- EXERCISE
Retype the listing below line for line, but only from the line with "In front of" down to the line with "(二)保育員招聘2人,其中澄", inclusive. Pictures stay out.

- DATA RECORDS
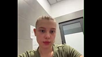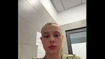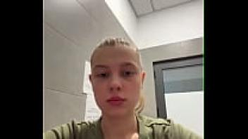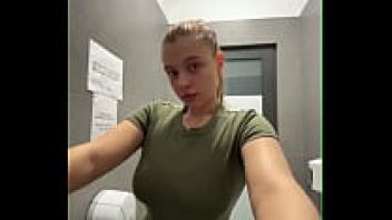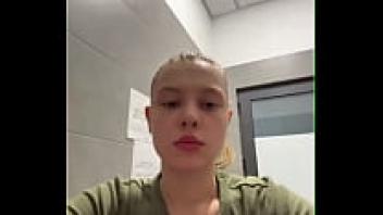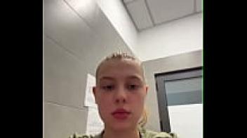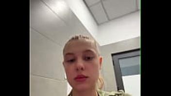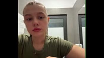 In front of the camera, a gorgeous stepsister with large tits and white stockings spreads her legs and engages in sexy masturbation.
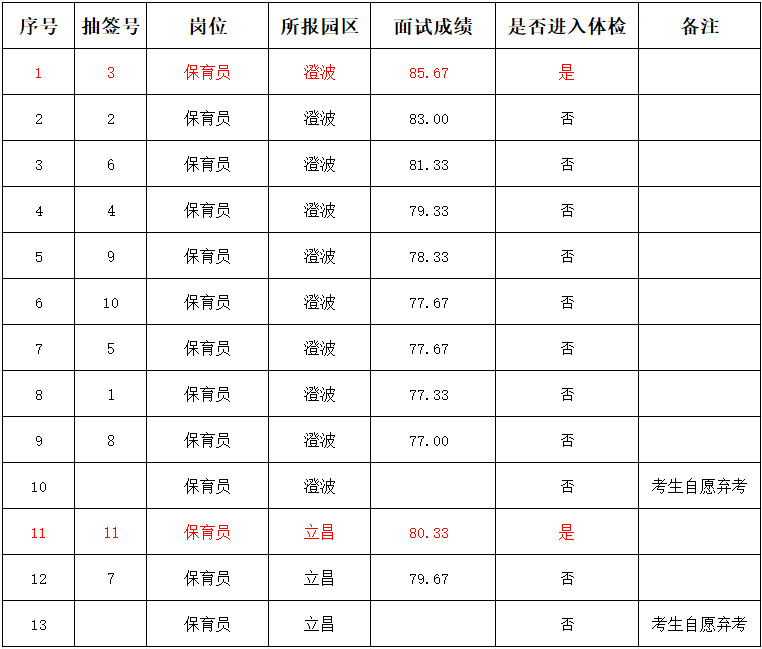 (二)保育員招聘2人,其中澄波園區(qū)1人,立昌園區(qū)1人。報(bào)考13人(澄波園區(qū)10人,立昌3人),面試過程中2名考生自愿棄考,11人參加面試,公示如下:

==

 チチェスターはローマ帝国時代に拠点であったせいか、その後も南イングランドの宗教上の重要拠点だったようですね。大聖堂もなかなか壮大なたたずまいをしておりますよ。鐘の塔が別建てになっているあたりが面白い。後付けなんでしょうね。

==

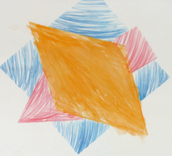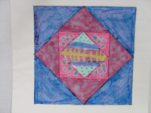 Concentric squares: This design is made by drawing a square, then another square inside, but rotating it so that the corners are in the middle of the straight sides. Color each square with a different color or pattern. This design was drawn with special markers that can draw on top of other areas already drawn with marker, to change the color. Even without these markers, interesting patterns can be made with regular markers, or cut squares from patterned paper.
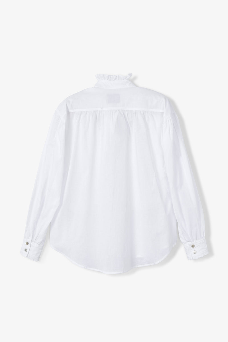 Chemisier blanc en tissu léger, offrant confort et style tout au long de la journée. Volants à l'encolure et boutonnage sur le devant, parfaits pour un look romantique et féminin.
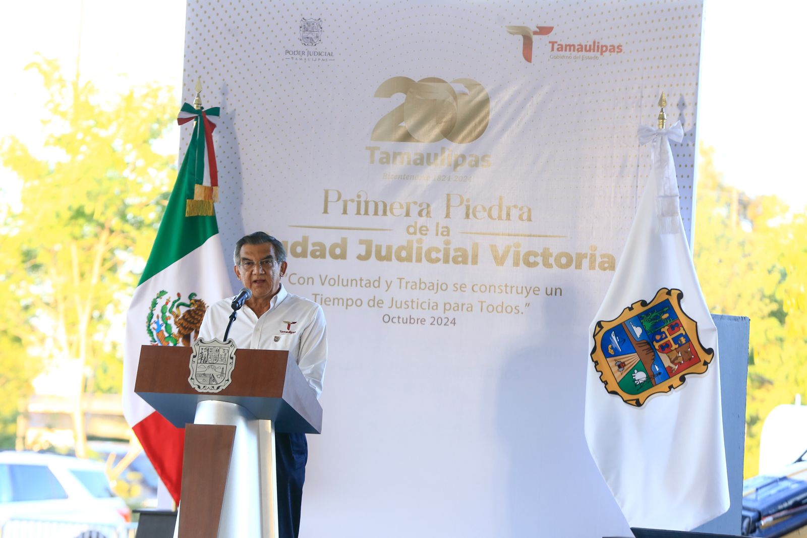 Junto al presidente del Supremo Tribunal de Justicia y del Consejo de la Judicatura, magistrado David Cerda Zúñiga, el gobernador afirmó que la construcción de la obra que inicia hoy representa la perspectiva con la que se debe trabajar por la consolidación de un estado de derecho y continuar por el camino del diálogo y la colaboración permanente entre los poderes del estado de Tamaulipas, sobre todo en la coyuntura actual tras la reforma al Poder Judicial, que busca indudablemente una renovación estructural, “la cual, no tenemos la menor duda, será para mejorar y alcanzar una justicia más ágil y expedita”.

- ANSWER SPACE
 In front of the camera, a gorgeous stepsister with large tits and white stockings spreads her legs and engages in sexy masturbation.
 (二)保育員招聘2人,其中澄波園區(qū)1人,立昌園區(qū)1人。報(bào)考13人(澄波園區(qū)10人,立昌3人),面試過程中2名考生自愿棄考,11人參加面試,公示如下:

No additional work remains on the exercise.